Les parkings du CHU-Liège rachetés par… le CHU-Liège! Une affaire CHU-per bizarre…
Que faire quand on a de gros problèmes financiers? Le CHU de Liège a une solution originale: racheter pour plus de 50 millions d’euros les parkings qu’une société lui a construits … mais qu’elle ne parvient pas à rentabiliser parce que les coûts sont trop élevés!
Plongée dans une histoire étonnante pleine de bétonnières, d’asphalteuses, de demandes de permis et de contrats de construction et d’exploitation de parkings en Cité Ardente.
Un brin d’histoire
Tout commence dans les années 60. Constatant l’impossibilité d’adapter aux nouvelles techniques le vieil hôpital de Bavière, installé en plein centre ville dans le quartier d’Outremeuse à Liège depuis le 19e siècle, l’Université de Liège et le CPAS de la ville, qui collaboraient au sein de l’établissement, décident dans les années 1960 de se séparer.
L’université opte pour le site du Sart Tilman, où elle crée à la même période un vaste campus, pour y installer un Centre hospitalier universitaire (CHU).
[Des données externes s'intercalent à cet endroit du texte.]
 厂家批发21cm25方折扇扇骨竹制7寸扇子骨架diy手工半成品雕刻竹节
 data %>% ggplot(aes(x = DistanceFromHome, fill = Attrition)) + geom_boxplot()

Quant au CPAS, il établit un Centre hospitalier régional (CHR) sur le site de la Citadelle.
Le bâtiment du Sart Tilman est inauguré en 1985. Rapidement le CHU acquiert d’autres sites hospitaliers, notamment l’hôpital d’Esneux – qui devient en 1992 le CHU Ourthe-Amblève – et la clinique Notre-Dame des Bruyères de Chênée – qui devient en 2002 le CHU Notre-Dame des Bruyères (ou CHU Bruyères dans le langage courant).
Au fil du temps, le CHU continue de diversifier et d’augmenter ses activités, construit de nouveaux bâtiments, essentiellement au Sart-Tilman et aux Bruyères et décide de fortement agrandir les parkings sur plusieurs de ses sites.
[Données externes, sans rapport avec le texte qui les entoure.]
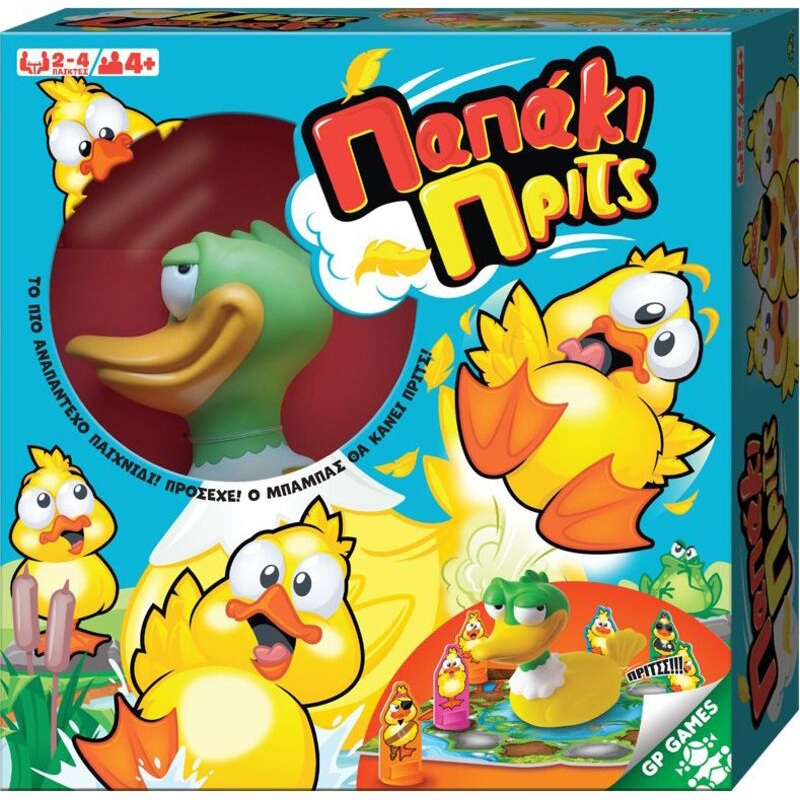 Γίνε ο πρώτος που θα καταφέρει να φτάσουν τα παπάκια του στο ποταμάκι πριν ο Μπαμπάς Παπάκης κάνει...πριτς και τα βγάλει από το μονοπάτι τους! Το επιτραπέζιο ""Παπάκι Πρίτς"" είναι ένα ξεκαρδιστικό επιτραπέζιο παιχνίδι για όλη την οικογένεια κατάλληλο για παιδιά από 4 ετών. Η συσκευασία περιέχει: 1 ταμπλό, 1 Μπαμπά Παπάκη, 1 βάση στήριξης, 12 παπάκια με χρωματιστές βάσεις.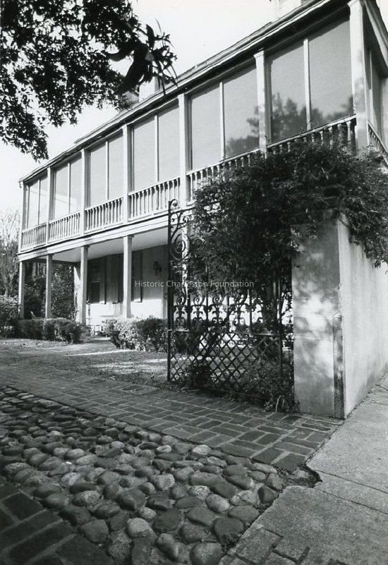 B&W photograph of the piazzas of the William Elliott House (75 King Street), viewed from the foot of the driveway, showing the iron gate.Collection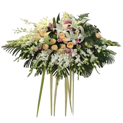 [材料]:白色洋兰18枝,香槟玫瑰18枝,白色香水百合,粉色洋桔梗。 [包装]:讲台专用花泥底座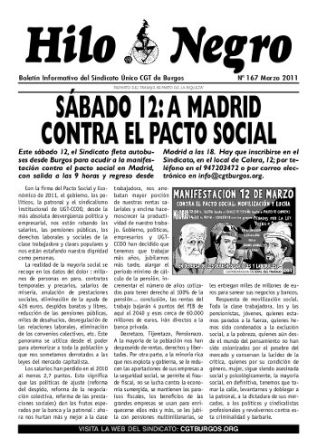 Boletín Informativo del Sindicato Único CGT de Burgos. Nº 167. Marzo 2011 “REPARTO DEL TRABAJO. REPARTO DE LA RIQUEZA”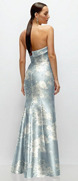 Strapless Cuff Neckline Floral Satin Trumpet Gown in cottage rose larkspur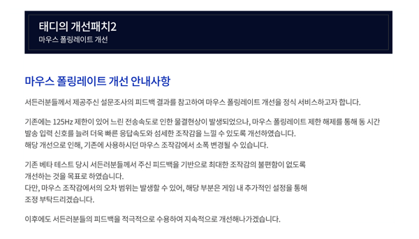 ■ 끊임없는 인게임 업데이트, 이번에는 마우스 정확도 개선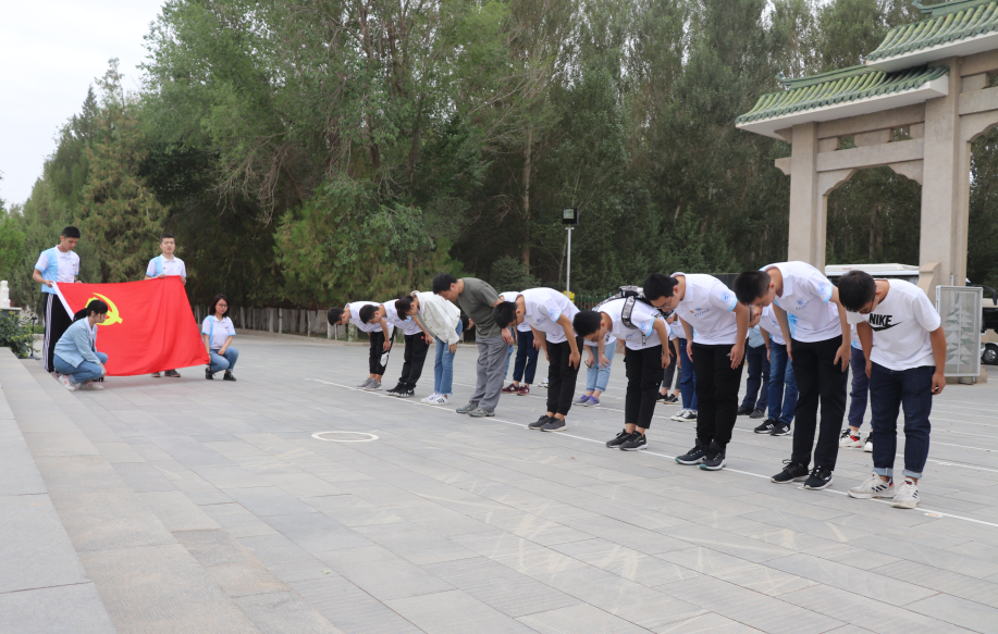 21日上午,实践队员一同前往东风革命烈士陵园参观学习。在茫茫的大漠深处,象征着国防科技战士扎根戈壁,志在航天的东风烈士陵园,长眠着500多名为祖国航天事业献出宝贵生命的革命先烈。东风浩荡,战鼓催征,东风革命烈士陵园,是新中国跻身世界航天大国奋斗历程的缩影,是基地艰苦奋斗光荣历史的见证,它不断激励后来者在科技兴国和科技强军中打头阵、当先锋。在院党委副书记王强的主持下,实践队员在各位烈士墓前肃穆追悼,向聂荣臻元帅和献身航天科技事业的英烈们行三鞠躬礼。触摸这段历史,实践队员们感慨道:我们来到东风革命烈士陵园,感悟第一代基地人“死在戈壁上,埋在青山头”的革命气概,为共和国航天事业“献青春、献终身、献子孙”的伟大壮举,心中倍受震撼。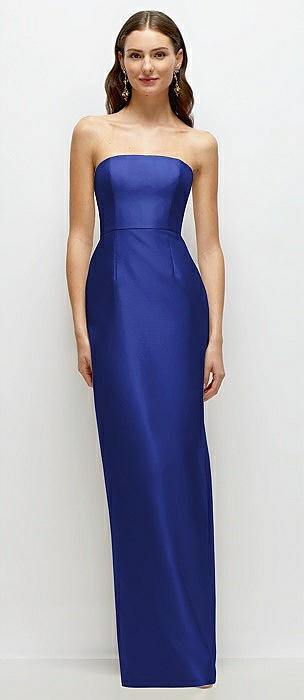 Strapless Satin Column Dress with Back Slit in cobalt blue

Au Sart Tilman, l’opération prend de (très) longues années et se termine en octobre 2023. Si les parkings s’avèrent globalement remplis, le fait qu’ils soient devenus payants provoque un parking sauvage qui s’étend lui aussi en mode « mérule » tout au long des voies d’accès au parking officiel.
Aux Bruyères, le projet vise aussi à l’agrandissement du site, via la construction de nouveaux étages sur certains bâtiments et l’extension des parkings. Mais, ici, l’histoire va se corser…

Vue du CHU Notre-Dame des Bruyères (extrait du site internet du CHU)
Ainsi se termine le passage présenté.